The management fee is like the rake in a poker game. After each hand, the dealer discretely takes a small percentage of the chips from the pot before giving the remainder to the winner. It's hard to notice any difference in the amount of chips on the table, especially if you're a winner and your stack of chips keeps going up. It's easier to notice if your chips keep going down.

Part of the attraction of passively managed funds is their low expense ratio. All that the managers of these funds have to do is to match the performance of the corresponding benchmark.

For example, the expense ratio of the SPDR S&P 500 ETF (SPY) is only 0.0945%.

On the other hand, the expense ratio of the Magellan High Conviction Trust (MHHT), an actively managed ETF, is 1.50%.

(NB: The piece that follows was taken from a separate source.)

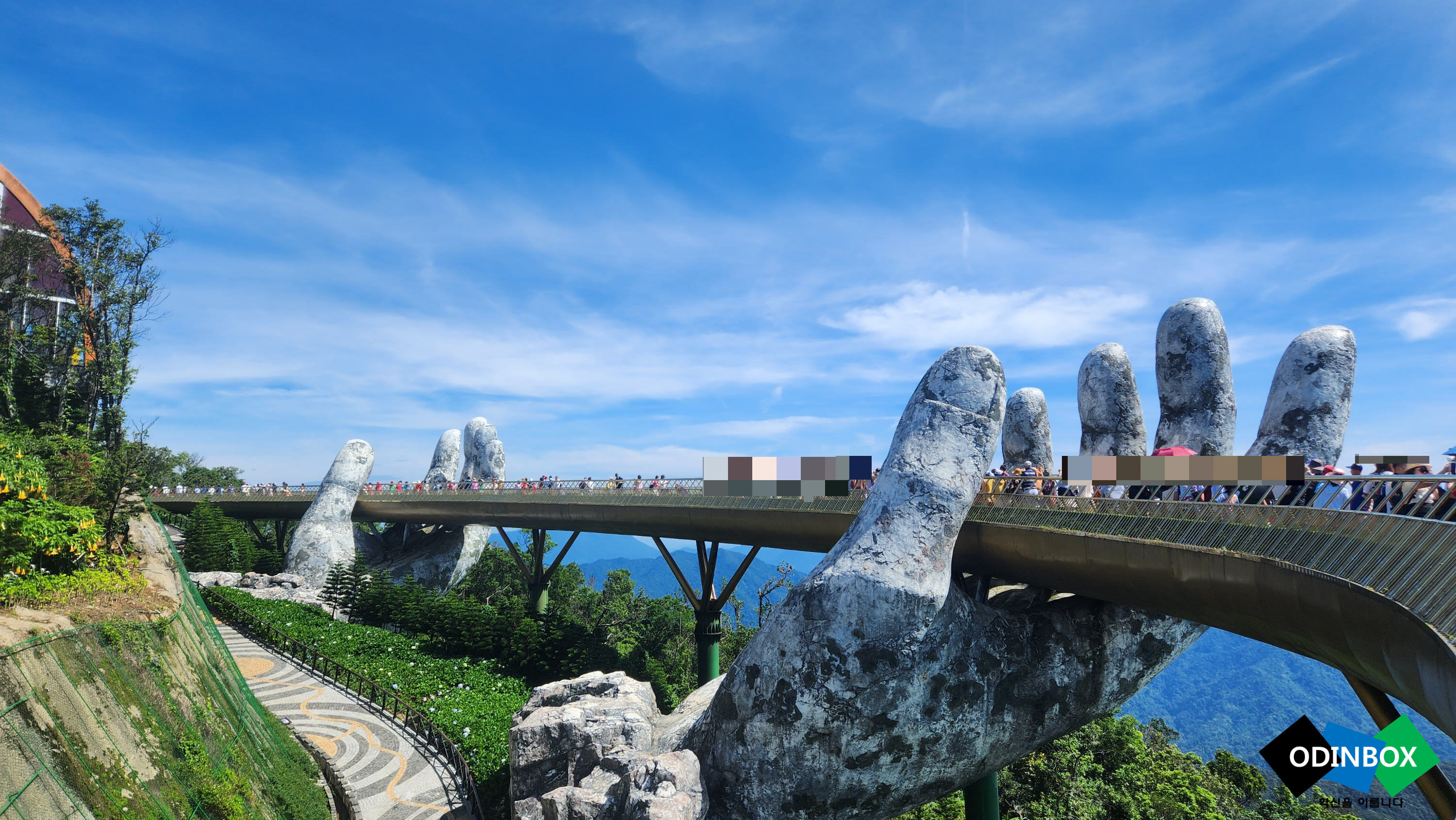 The first stop on the third day of the tour is called Bana Hill. As the name suggests, it is located on a mountain, where there is the second longest cable street in the world. So, if you take this cable car, it takes about 10 to 15 minutes. One of the reasons why I like this place is that it's quite hot down there, but if you go up by cable car, it's really cool because it boasts a height of about 1,400 meters. And it's really amazing with the scenery like a European village. It's also a vacation spot to avoid the heat, and Golden Bridge, which we've probably seen a few times, is located there. There is a French village and there is a theme park that is not actually inhabited, and you can see a lot of foreigners along with the scenery that really feels like you are in Europe. In the case of Golden Bridge, there were so many people to take pictures that it was hard to move. Also, in the case of theme parks, there are no various rides, but they are fun enough and show the scenery of Europe, adding to the fun of looking around.

This fee may be justified, if the active management of the fund produces excess returns sufficient to cover the expense. In this case, at the time of writing the Magellan High Conviction Trust ETF (MHHT) has returned 8.51% p.a. over the last five years versus the SPDR S&P 500 ETF (SPY) which has returned 16.81% p.a. over the same time. In other words, Magellan has underperformed SPY by over 8% and charged 1.50% to do so.

On face level this might be pretty discouraging. However, we have to make sure we're not comparing apples to oranges. The Magellan fund's objective is to "achieve attractive risk-adjusted returns over the medium to long-term", while SPY's is simply to match the S&P 500 Index. If all you are looking for is attractive risk-adjusted returns over the medium to long-term perhaps MHHT's management fee is justified after all (determining what "attractive" means is a different and more subjective matter altogether).

Summary of Key Concepts

  • Every ETF must provide a Target Market Determination (TMD). You can use this to determine whether an ETF is right for you.
  • Benchmarks provide a way to measure a fund's performance and determine whether it is achieving its objective, regardless of market conditions.
  • Always consider the underlying fund's investment objective when comparing two ETFs.
  • Always consider the underlying fund's top holdings and sector allocation to avoid overlap with the other holdings in your portfolio.
  • Every ETF charge a management fee. If all else is equal, choose the ETF with the lower fee.